• **EXCERPTED DATA**:
--------

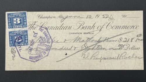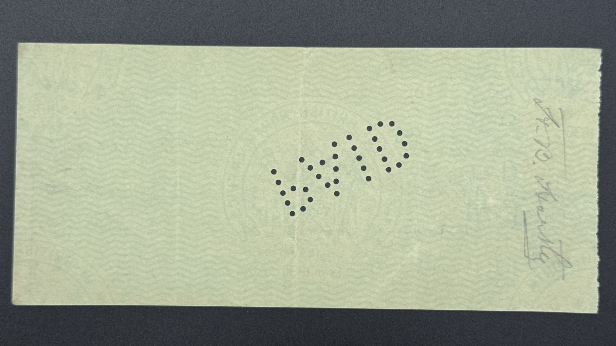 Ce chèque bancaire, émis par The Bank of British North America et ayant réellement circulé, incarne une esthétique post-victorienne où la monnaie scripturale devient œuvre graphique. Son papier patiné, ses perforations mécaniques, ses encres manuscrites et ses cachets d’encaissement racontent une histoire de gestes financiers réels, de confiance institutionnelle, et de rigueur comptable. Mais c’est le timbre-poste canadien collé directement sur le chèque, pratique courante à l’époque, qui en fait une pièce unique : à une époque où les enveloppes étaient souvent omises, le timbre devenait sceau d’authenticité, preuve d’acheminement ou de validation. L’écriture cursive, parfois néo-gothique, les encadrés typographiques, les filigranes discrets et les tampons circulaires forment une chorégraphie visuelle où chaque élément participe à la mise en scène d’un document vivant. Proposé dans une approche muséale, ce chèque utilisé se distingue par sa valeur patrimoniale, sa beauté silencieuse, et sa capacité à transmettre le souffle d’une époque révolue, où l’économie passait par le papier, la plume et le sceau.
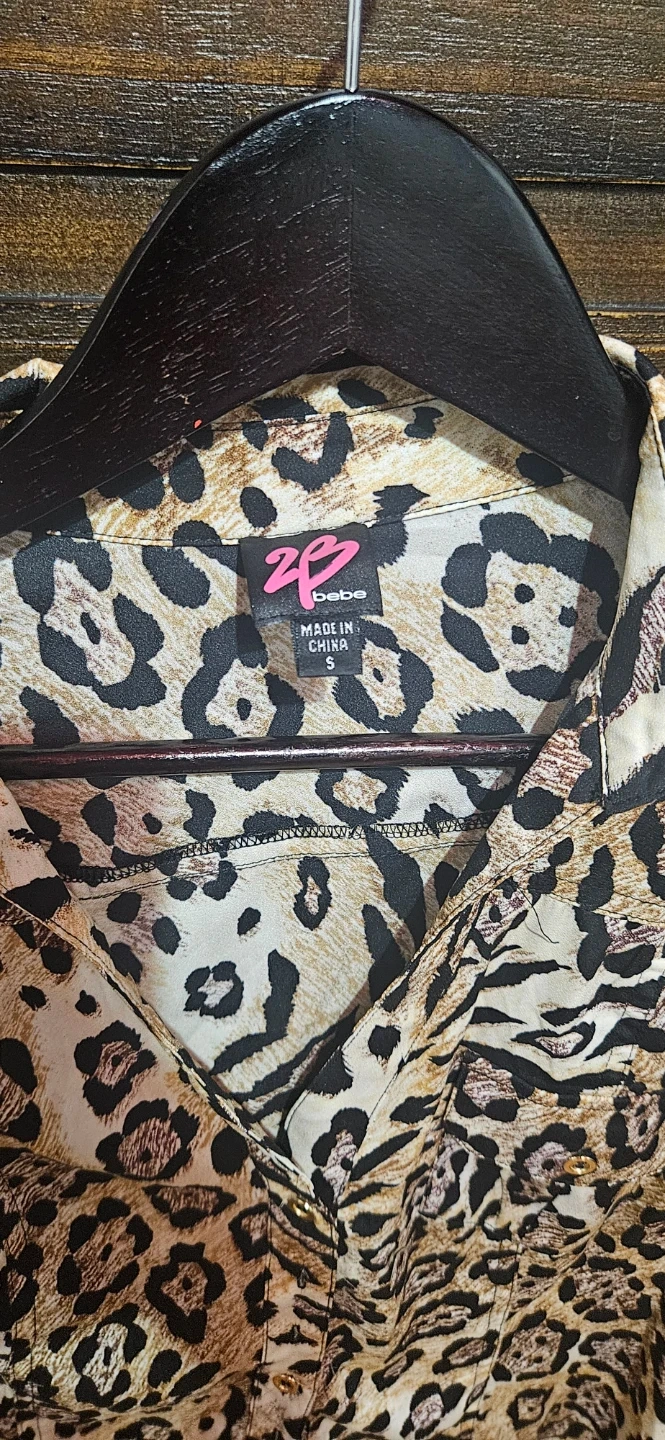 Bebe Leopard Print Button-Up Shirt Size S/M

--------

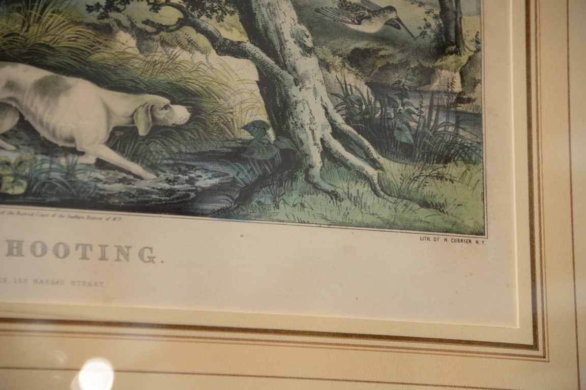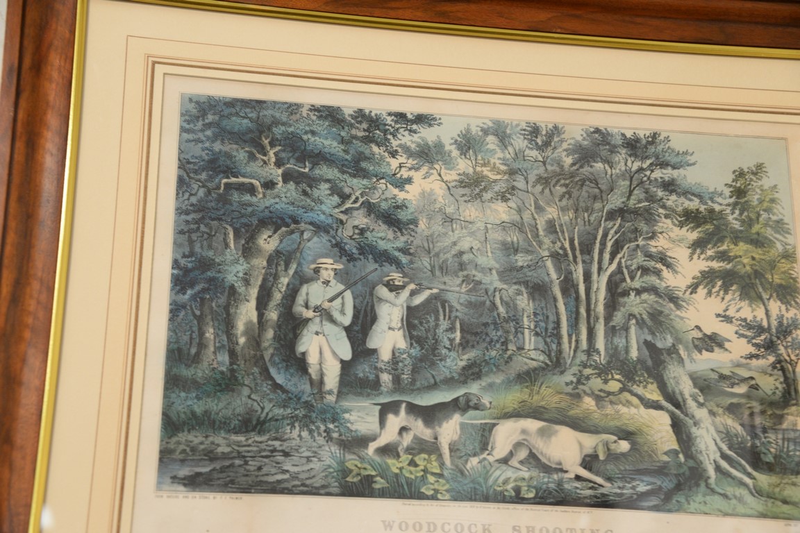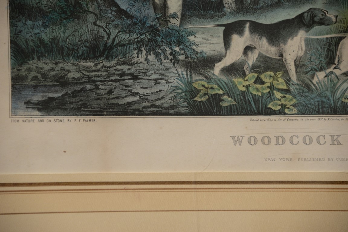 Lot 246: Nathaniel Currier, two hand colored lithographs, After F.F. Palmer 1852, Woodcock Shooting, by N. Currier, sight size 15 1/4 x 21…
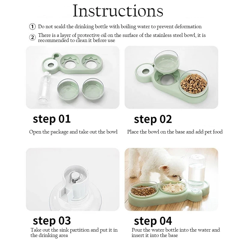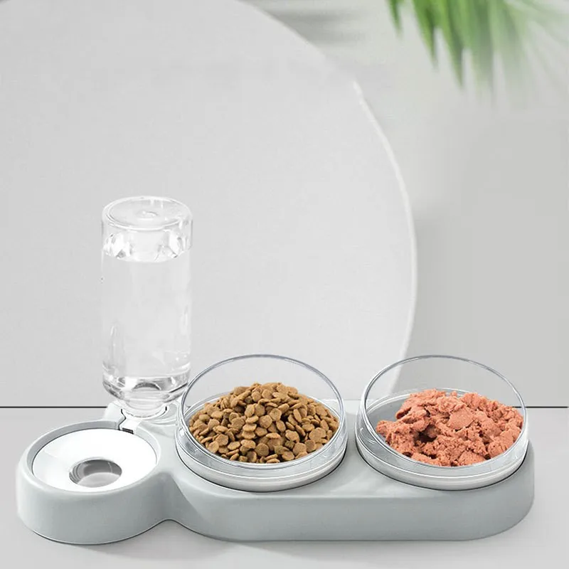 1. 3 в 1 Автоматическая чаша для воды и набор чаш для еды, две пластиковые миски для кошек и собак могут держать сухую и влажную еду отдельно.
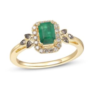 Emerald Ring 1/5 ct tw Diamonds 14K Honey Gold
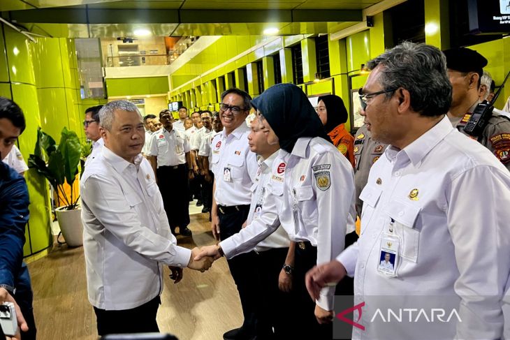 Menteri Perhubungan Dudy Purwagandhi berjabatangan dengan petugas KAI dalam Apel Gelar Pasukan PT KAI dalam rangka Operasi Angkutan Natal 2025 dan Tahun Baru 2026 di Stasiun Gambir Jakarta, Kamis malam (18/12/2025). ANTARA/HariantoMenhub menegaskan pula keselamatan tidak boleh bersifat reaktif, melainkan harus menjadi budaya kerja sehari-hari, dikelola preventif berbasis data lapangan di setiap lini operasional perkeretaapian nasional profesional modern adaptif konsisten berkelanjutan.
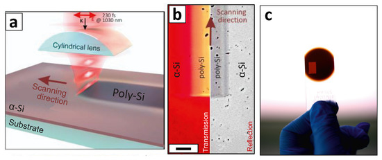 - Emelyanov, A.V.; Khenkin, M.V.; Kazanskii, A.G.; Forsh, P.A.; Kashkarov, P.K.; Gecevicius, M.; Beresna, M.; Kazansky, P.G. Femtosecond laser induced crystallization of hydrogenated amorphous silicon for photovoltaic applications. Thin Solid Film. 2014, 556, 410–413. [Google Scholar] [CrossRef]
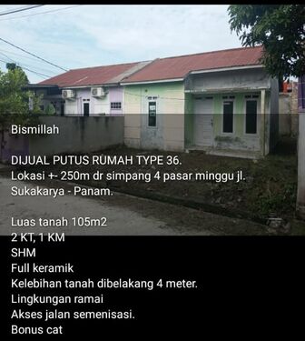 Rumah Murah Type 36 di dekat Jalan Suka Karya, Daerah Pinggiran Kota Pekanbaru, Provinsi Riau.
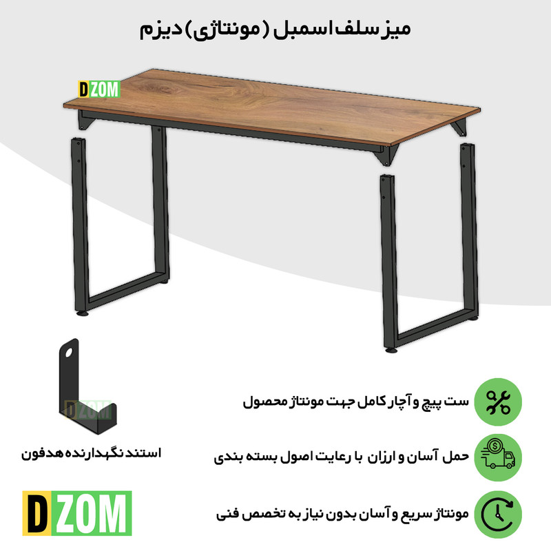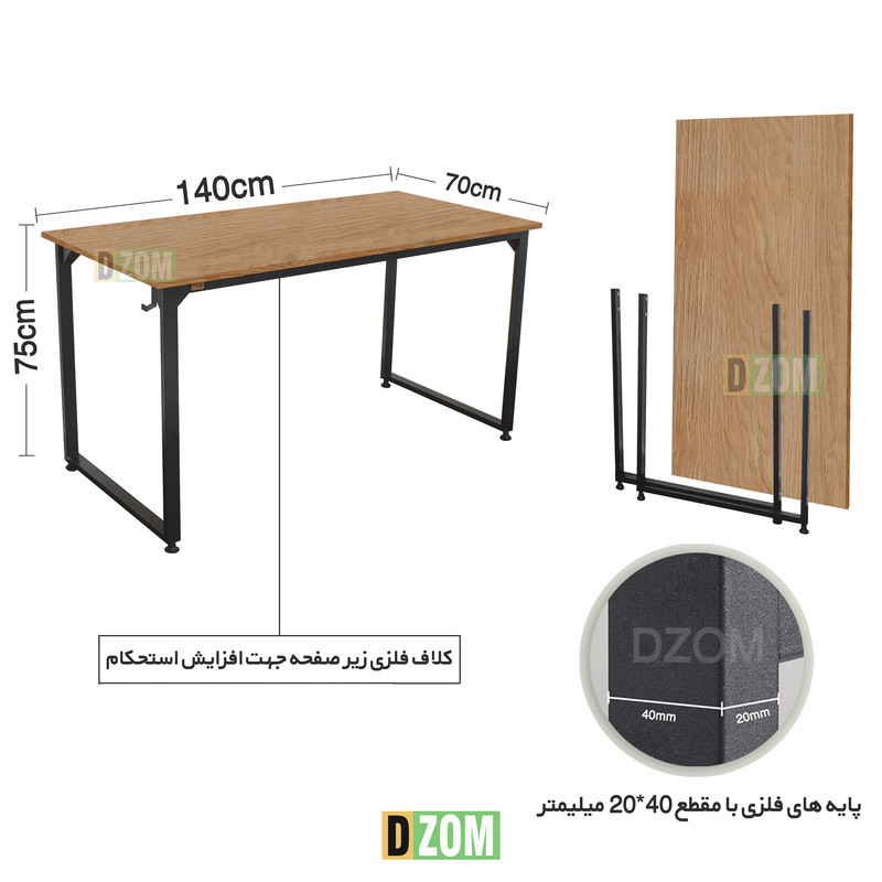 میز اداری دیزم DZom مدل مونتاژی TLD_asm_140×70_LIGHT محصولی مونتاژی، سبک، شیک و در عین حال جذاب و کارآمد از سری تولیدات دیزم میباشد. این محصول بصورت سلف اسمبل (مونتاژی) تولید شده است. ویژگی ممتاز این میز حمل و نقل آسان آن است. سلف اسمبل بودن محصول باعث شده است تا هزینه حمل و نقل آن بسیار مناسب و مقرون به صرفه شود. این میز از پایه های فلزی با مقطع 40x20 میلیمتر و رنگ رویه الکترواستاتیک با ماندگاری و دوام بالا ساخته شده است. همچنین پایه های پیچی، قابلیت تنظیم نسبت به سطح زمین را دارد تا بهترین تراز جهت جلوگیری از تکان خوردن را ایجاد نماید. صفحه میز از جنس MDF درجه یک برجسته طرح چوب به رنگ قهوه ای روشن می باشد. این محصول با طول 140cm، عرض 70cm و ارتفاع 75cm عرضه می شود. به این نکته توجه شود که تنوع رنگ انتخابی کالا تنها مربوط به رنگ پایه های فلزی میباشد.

--------

• **WHAT THE TASK ASKS**: Word for word, restate the lines above from the one with "Rumah Murah Type" through the one with "میز اداری دیزم", keeping both ends and dropping the pictures.

• **TASK OUTPUT**:
 Rumah Murah Type 36 di dekat Jalan Suka Karya, Daerah Pinggiran Kota Pekanbaru, Provinsi Riau.
 میز اداری دیزم DZom مدل مونتاژی TLD_asm_140×70_LIGHT محصولی مونتاژی، سبک، شیک و در عین حال جذاب و کارآمد از سری تولیدات دیزم میباشد. این محصول بصورت سلف اسمبل (مونتاژی) تولید شده است. ویژگی ممتاز این میز حمل و نقل آسان آن است. سلف اسمبل بودن محصول باعث شده است تا هزینه حمل و نقل آن بسیار مناسب و مقرون به صرفه شود. این میز از پایه های فلزی با مقطع 40x20 میلیمتر و رنگ رویه الکترواستاتیک با ماندگاری و دوام بالا ساخته شده است. همچنین پایه های پیچی، قابلیت تنظیم نسبت به سطح زمین را دارد تا بهترین تراز جهت جلوگیری از تکان خوردن را ایجاد نماید. صفحه میز از جنس MDF درجه یک برجسته طرح چوب به رنگ قهوه ای روشن می باشد. این محصول با طول 140cm، عرض 70cm و ارتفاع 75cm عرضه می شود. به این نکته توجه شود که تنوع رنگ انتخابی کالا تنها مربوط به رنگ پایه های فلزی میباشد.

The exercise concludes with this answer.